Without Christ’s grace, justice would prevent us
from returning to our Heavenly Father.
Because of the Plan of Salvation, the atonement enables us to learn and
grown from our mistakes.
Christ died not to save indiscriminately but to
offer repentance. We rely “wholly upon the merits of him who is mighty to save”
in the process of repentance, but acting to repent is a self-willed change. So
by making repentance a condition for receiving the gift of grace, God enables
us to retain responsibility for ourselves. Repentance respects and sustains our
moral agency: “And thus mercy can satisfy the demands of justice, and encircles
them in the arms of safety, while he that exercises no faith unto repentance is
exposed to the whole law of the demands of justice; therefore only unto him
that has faith unto repentance is brought about the great and eternal plan of
redemption.”
We cannot choose elements of the gospel which we
will believe and follow like a smorgasbord. Christofferson elaborates on the idea that we live in an age of moral
relativity: “A God who makes no demands is the functional equivalent of a God
who does not exist.

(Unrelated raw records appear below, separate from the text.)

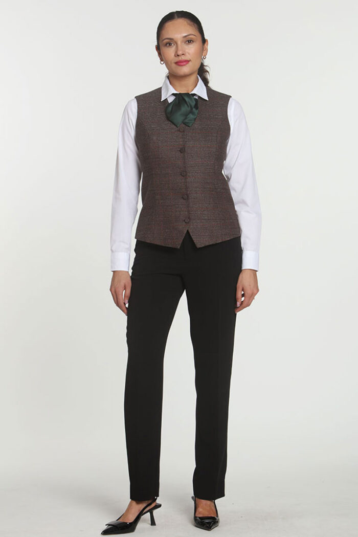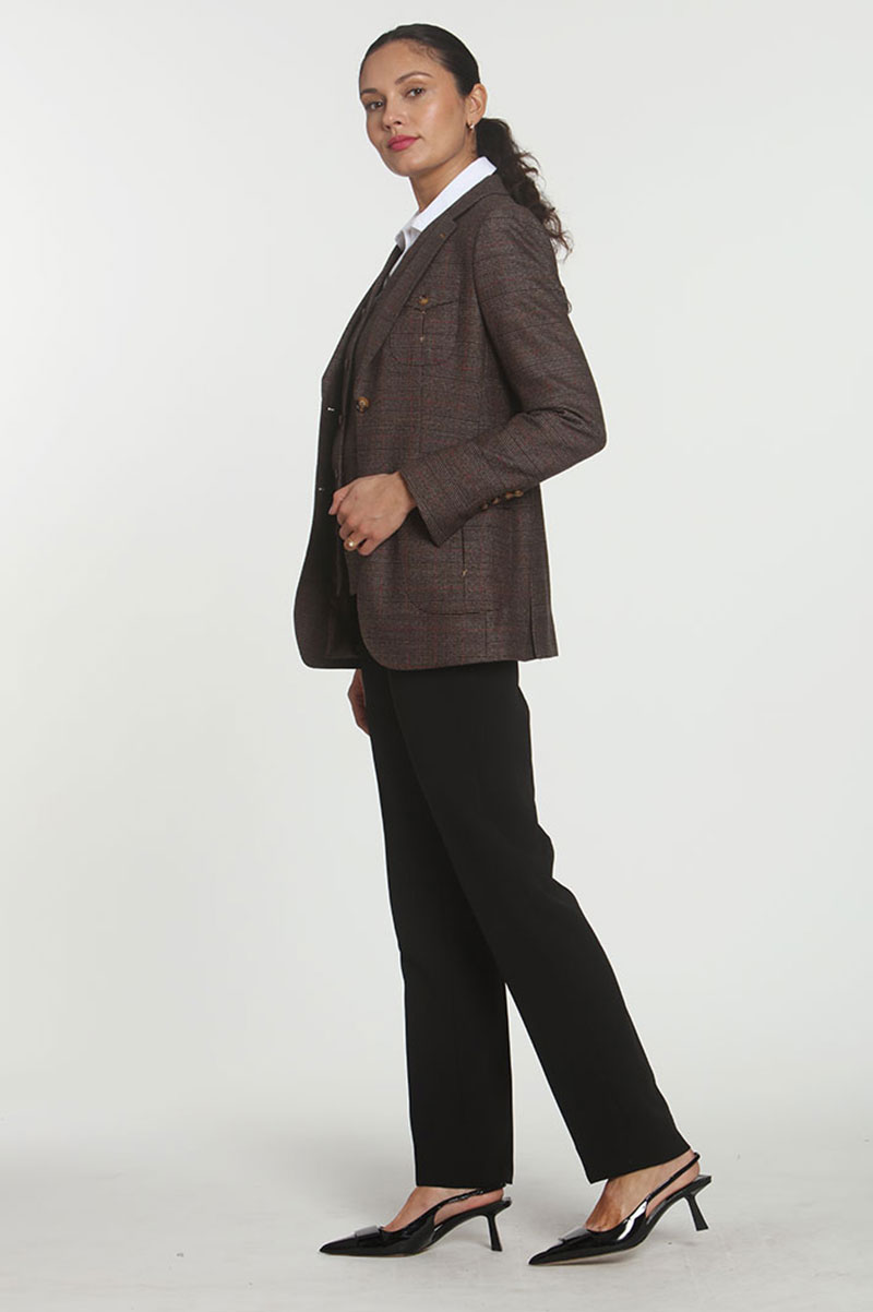 Brown plaid jacket, two lower patch pockets with triangle flap, and two upper patch pockets with triangle flap.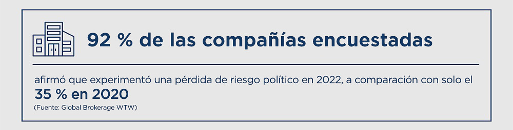 Es probable que aumente la demanda de pólizas que cubran la expropiación —incluida la expropiación progresiva, como el aumento de las tasas impositivas—, así como la frustración de contratos, la guerra y el riesgo de violencia.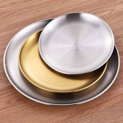 304不锈钢盘子金色加厚圆盘水果盘蛋糕盘骨碟烤肉盘托盘 韩式餐具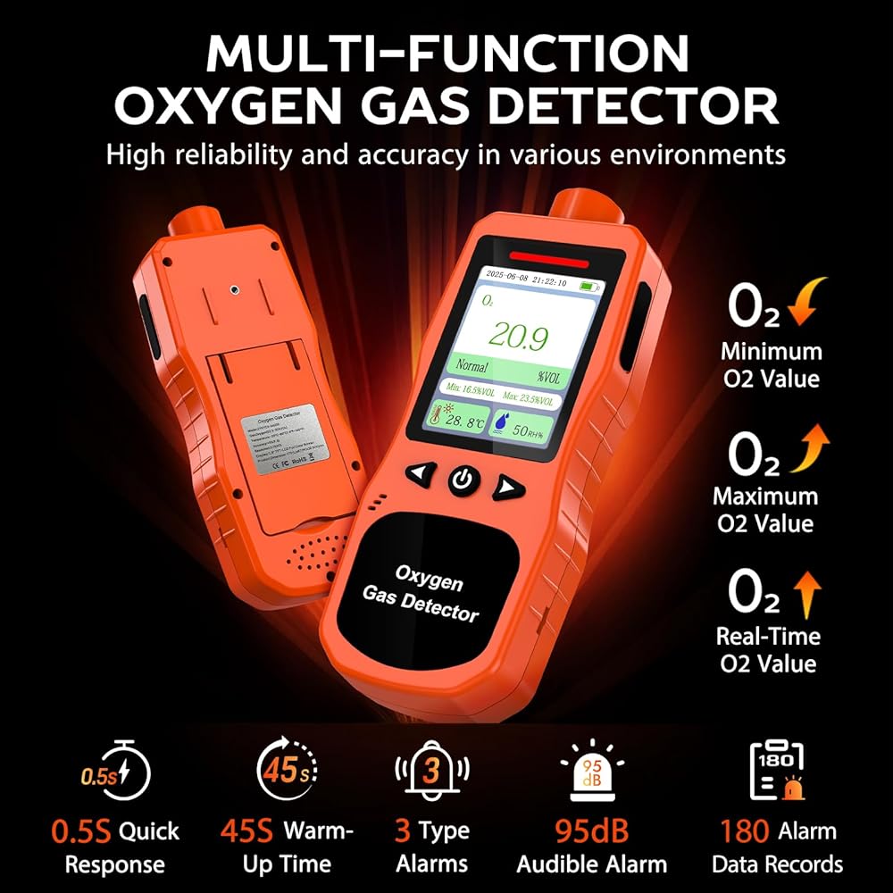 【Fast Response & Accurate】Our oxygen monitor uses a high-precision electrochemical sensor for real-time 0.5 second oxygen gas detection from 0-30% range with +/-5% accuracy. Featuring 0.1% resolution, the O2 monitor enables accurate detection of low-level oxygen gas concentrations.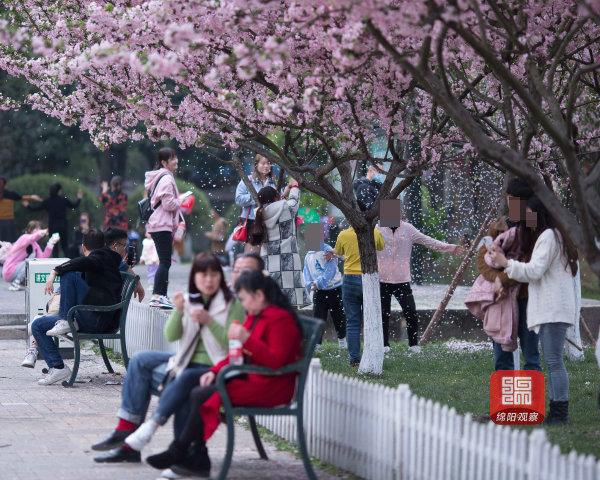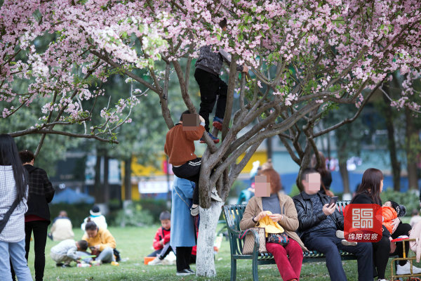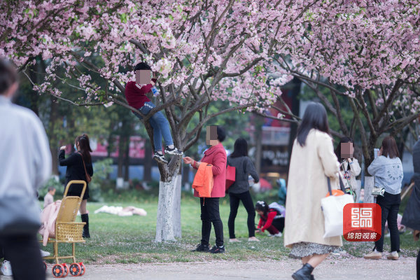 3月13日,綿陽日報社視覺綿陽“拍客”在文化廣場噴泉處記錄了幾幅“美照”,畫面中的“主角”可謂是丑態(tài)百出。她們?yōu)榱烁惺芑ò觑h飛落英繽紛的美景,拼命地?fù)u晃樹干,致使剛剛開放的花瓣撒落一地;一些小孩在家長的“協(xié)助”下,攀爬上樹枝。在這花瓣雨中,傳來陣陣歡笑聲……

A world without God, the living God who establishes moral
laws to govern and perfect His children, is also a world without ultimate truth
or justice. It is a world where moral relativism reigns supreme… To those who believe anything
or everything could be true, the declaration of objective, fixed, and universal
truth feels like coercion—“I shouldn’t be forced to believe something is true
that I don’t like.” But that does not change reality. Resenting the law of
gravity won’t keep a person from falling if he steps off a cliff. The same is
true for eternal law and justice. Freedom comes not from resisting it but from
applying it. That is fundamental to God’s own power. If it were not for the
reality of fixed and immutable truths, the gift of agency would be meaningless
since we would never be able to foresee and intend the consequences of our
actions. As Lehi expressed it: “If ye shall say there is no law, ye shall also
say there is no sin. If ye shall say there is no sin, ye shall also say there
is no righteousness. And if there be no righteousness there be no happiness.
And if there be no righteousness nor happiness there be no punishment nor
misery. And if these things are not there is no God. And if there is no God we
are not, neither the earth; for there could have been no creation of things,
neither to act nor to be acted upon; wherefore, all things must have vanished
away.'
In
matters both temporal and spiritual, the opportunity to assume personal
responsibility is a God-given gift without which we cannot realize our full
potential as daughters and sons of God. Personal accountability becomes both a
right and a duty that we must constantly defend; it has been under assault
since before the Creation. We must defend accountability against persons and
programs that would (sometimes with the best of intentions) make us dependent.
And we must defend it against our own inclinations to avoid the work that is
required to cultivate talents, abilities, and Christlike character.”
Agency is not
the easy path. I am one of the most
indecisive people I know (but I’m not sure about that). Right now I’m trying to decide between two universities
that I’ve been accepted to, and it’s driving me crazy. It seems that sometimes choosing between two
good things is harder than choosing between a right and a wrong option.
Something that I have learned is that God needs
something to work with when helping us make decisions, and, sometimes, we have
to take a leap into the darkness and hope for the best when His Spirit doesn’t
prompt us in one way or the other. I
hope that you take responsibility for your spiritual well-being and choose to
listen to conference this year. I know
that the Prophet and Apostles are inspired of God and that they cannot lead us astray.